Some cookies on our website collect information about how visitors use the website, e.g. which pages visitors go to most often, and if they get error messages from web pages. These cookies don’t collect information that identifies visitors. The information these cookies collect is aggregated and therefore anonymous. It is used only to improve how our website works.

Our website uses Google Analytics cookies. Information collected by these cookies will be transferred to and stored by Google on servers in the USA in accordance with its privacy practices and protected by SCCs.

We may embed photos and videos from websites such as Vimeo and YouTube, or feeds from organisations like Facebook and Twitter. When you visit a page containing these services, you may be presented with cookies from these websites. You may see embedded ‘share’ buttons on some of our pages. These allow you to share content through social networks. When you click these buttons, a cookie may be set by the service you have chosen to share content through. These third-party cookies are not controlled by us. For further information about their use, please visit the relevant third-party website.

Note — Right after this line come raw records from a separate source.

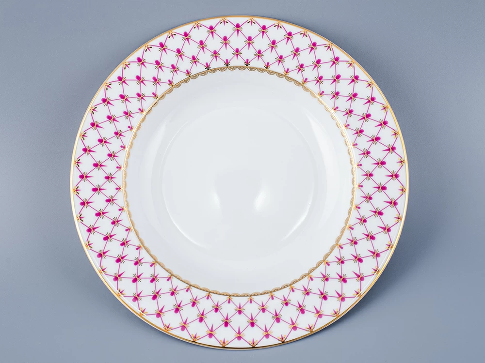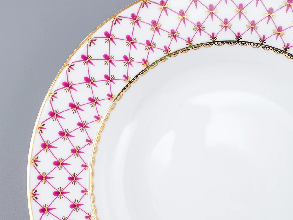 «Сетка-блюз» - это современная интерпретация росписи «Кобальтовая сетка», ставшей признанной классикой Императорского фарфорового завода. Розовый цвет отсылает к прообразу этого легендарного мотива – «Собственному» сервизу Императрицы Елизаветы Петровны, выпущенного в 1750-х годах, а ныне хранящегося в коллекции Государственного Эрмитажа.
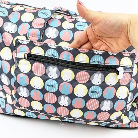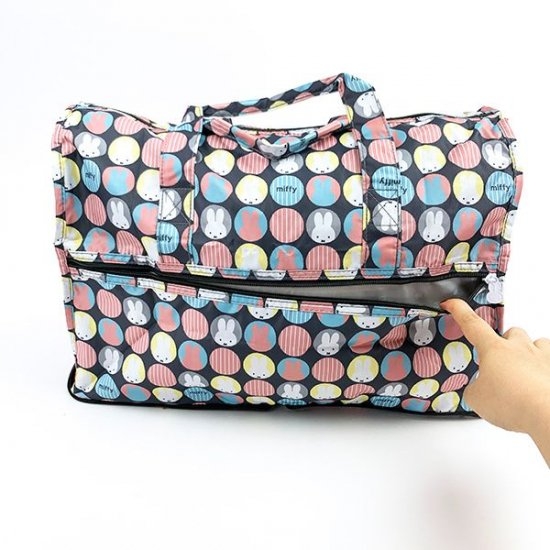 あちこちの丸い窓から覗くミッフィーが可愛いボストンバッグ。
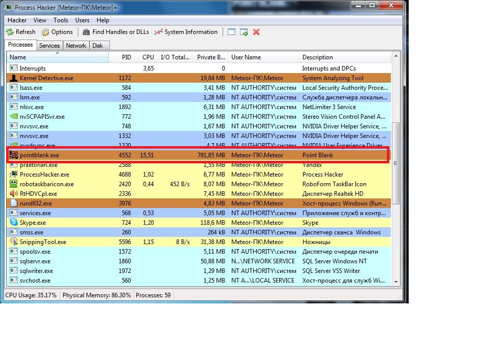2) Запускаем Process Hacker и находим процесс pointblank.exe
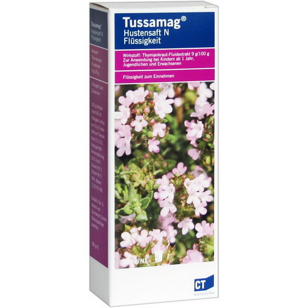 Tussamag Hustensaft N Tussamag Hustensaft N zuckerfrei Wirkstoff: Thymiankraut-Fluidextrakt Anwendungsgebiete Zur Besserung der Beschwerden bei Erkältungskrankheiten der Atemwege mit zähflüssigem Schleim und zur Besserung der Beschwerden bei akuter Bronchitis. Warnhinweise: Tussamag? Hustensaft N: Enthält 4 Vol.-% Alkohol und Saccharose (Zucker)! 20 ml Flüssigkeit enth. 13,25 g Saccharose (Zucker) entspr. ca. 1,10 BE. Tussamag? Hustensaft N zuckerfrei: Enthält 4 Vol.-% Alkohol und Sorbitol!. Apothekenpflichtig Zu Risiken und Nebenwirkungen lesen Sie die Packungsbeilage und fragen Sie Ihren Arzt oder Apotheker. Stand: Oktober 2012

Please be aware: if you refuse or disable cookies, this website will not work as it should. Disabling a cookie or category of cookie does not delete the cookie from your browser; you will need to do this yourself from within your browser.

If you are using a recent version of Google Chrome, you can see the specific cookies that are being used by this site (and any site) by clicking on the secure padlock to the left of the web address in the browser window, or—if the site does not have a secure padlock—then the (i) information icon.

Learn more about cookies

To find out more about cookies in general either search in Google or visit aboutcookies.org or allaboutcookies.org.  

A guide to behavioural advertising and online privacy has been produced by the internet advertising industry which can be found at www.youronlinechoices.eu. The guide contains an explanation of the Internet Advertising Bureau’s self-regulatory scheme to allow you greater control of the advertising you see.